Refugees Are Turned Back And A Rembrandt Goes Missing In Suspenseful 'Heretics'
You might say that Heretics, a sprawling novel by celebrated Cuban writer Leonardo Padura, has been in the works since the early 1990s. It was back then that Padura began writing a series of books featuring an ex-police detective in Havana named Mario Conde. Funny and philosophical, Conde, like the sharpest of detectives, devotes more time to investigating the mysteries of his own society than he does to investigating crime.
Padura also writes "straight" literary fiction, too, including his much-praised 2009 historical novel about the assassination of Leon Trotsky called, The Man Who Loved Dogs. Which brings us to Heretics, where Padura has upped the ante.
For over 500 tightly packed pages here, Padura manages to sustain his signature tone of wry, elegant cool as he juggles the demands of a story that oscillates between Cuba in the 1930s and the present, with a long central stop-over in the Amsterdam of the 17th century.
This historical narrative is spliced together with a mystery tale featuring the radiant return of detective Conde. Like Viet Thanh Nguyen's novel The Sympathizer, which won both last year's Pulitzer Prize and The Edgar Award given by the Mystery Writers of America, Padura's Heretics spans and defies literary categories. All of which would only be of ho-hum technical interest if Heretics weren't also an arresting novel about fanaticism, anti-Semitism and the long fall-out of a decades-old moment of political cowardice.

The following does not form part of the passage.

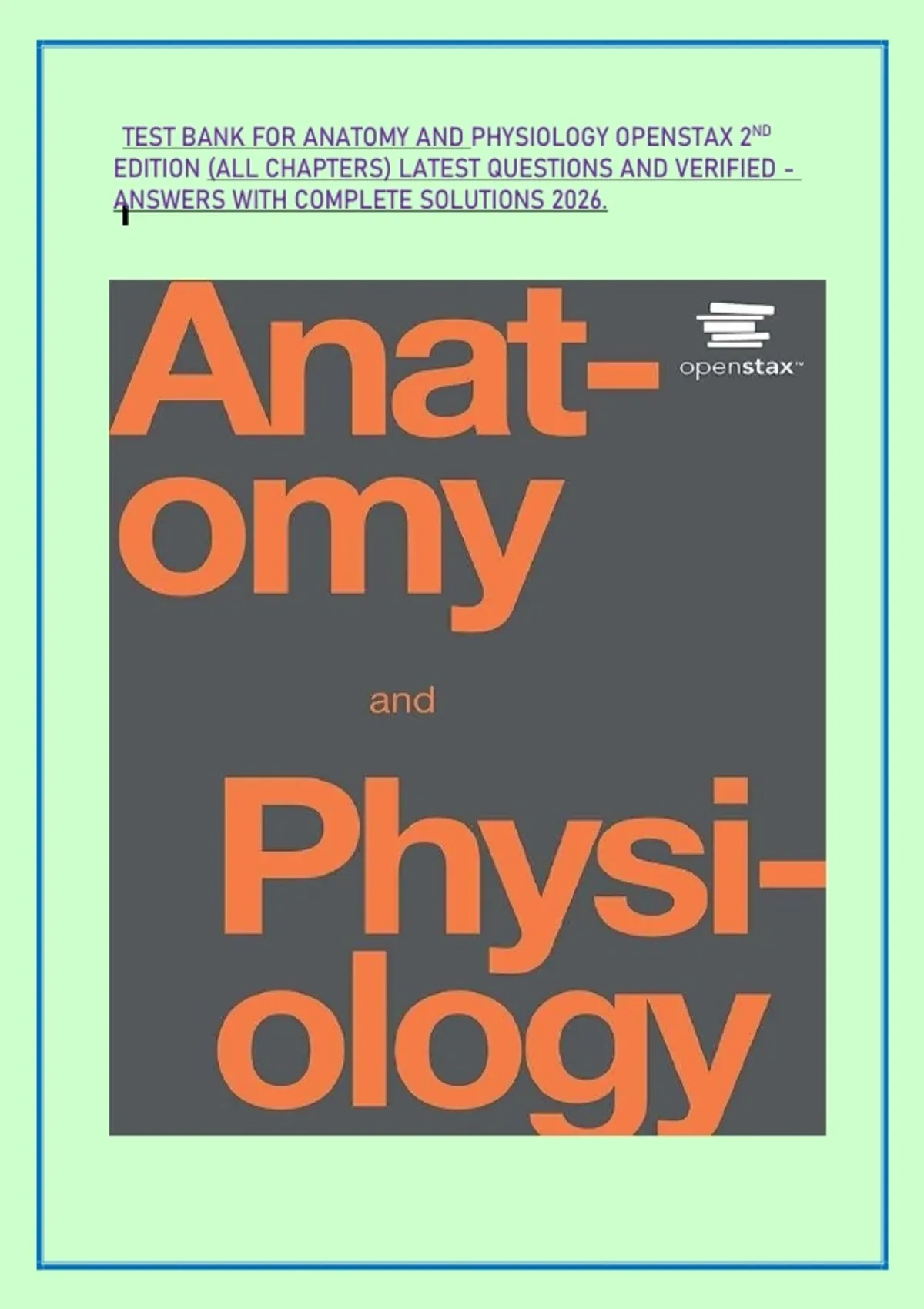 TEST BANK FOR ANATOMY AND PHYSIOLOGY OPENSTAX 2ND EDITION (ALL CHAPTERS) LATEST QUESTIONS AND VERIFIED - ANSWERS WITH COMPLETE SOLUTIONS 2026.

Heretics opens on that notorious moment, which took place in Cuba in 1939. A young boy named Daniel Kaminsky has been living with his uncle in Havana ever since his parents got him out of Poland. On the morning of May 27, Daniel's parents and his younger sister are due to arrive in Havana, along with 934 other refugees from Europe. They're sailing on the S.S. Saint Louis, a boat, as Padura says, that was "loaded [down] with Jews and trust."
Here's Padura's description of the scene at the dock where the Saint Louis sat in bureaucratic limbo:
The port would soon become a sort of grotesque carnival. ... [T]he thousands of Jews living in Havana, ... , had camped out on the docks, ... [B]usinesses and stands had gone up selling food and drink, ... fans and flip-flops. ... The most lucrative business ... was the rental of boats aboard which people with relatives on the passenger ship could get as close to the vessel ... as police and navy launches would allow, to see their family members there and ... to convey some message of encouragement.
Daniel's parents remain optimistic because they carry something with them that they can barter for their freedom: a Rembrandt portrait of Christ. But on June 2, The Saint Louis was ordered to leave Cuba and Daniel watches, stunned, as his family along with the other passengers sail out of the harbor and toward, what will be for many, death. At that moment, Daniel renounces Judaism, decides he's "Cuban and that's it" and thus becomes a "heretic."
The intricate plot revolves around that missing Rembrandt painting — detective Conde is hired some seven decades later to find out what happened to it. It's to Padura's credit that he writes with such gusto, most readers will forget that his novel is built on the old "missing painting" cliché.
Indeed, it's that powerful word "heretic" that's the most crucial link among the many stories here. We hear murmurs of that word in the central tale, set in Rembrandt's studio in Amsterdam where a Jewish apprentice blasphemously poses for that portrait of Christ.
Much later, we also hear the word "heretic" coming out of Conde's mouth as he walks down a street in Cuba in 2008 and surveys teenagers, dressed as Goths, punks, and "emos." Conde, who's in his 60s, thinks resignedly of these young Cubans as the "most remarkable tip of the iceberg of a generation of certified heretics," left with no slogans or politics to believe in.
Cloaked within familiar narrative conventions, Padura's ingenious novel is something of a heretic itself: by turns playful, dark, and moving, it traces the great psychic costs — and rewards — that come from nestling so deeply into dogma that nothing is permitted to trigger doubt. This was the great theme of classic works of the fascist and communist 20th century like, of course, Orwell's 1984. We were supposed to have awoken from those nightmares. But, as Padura reminds us, perhaps we haven't.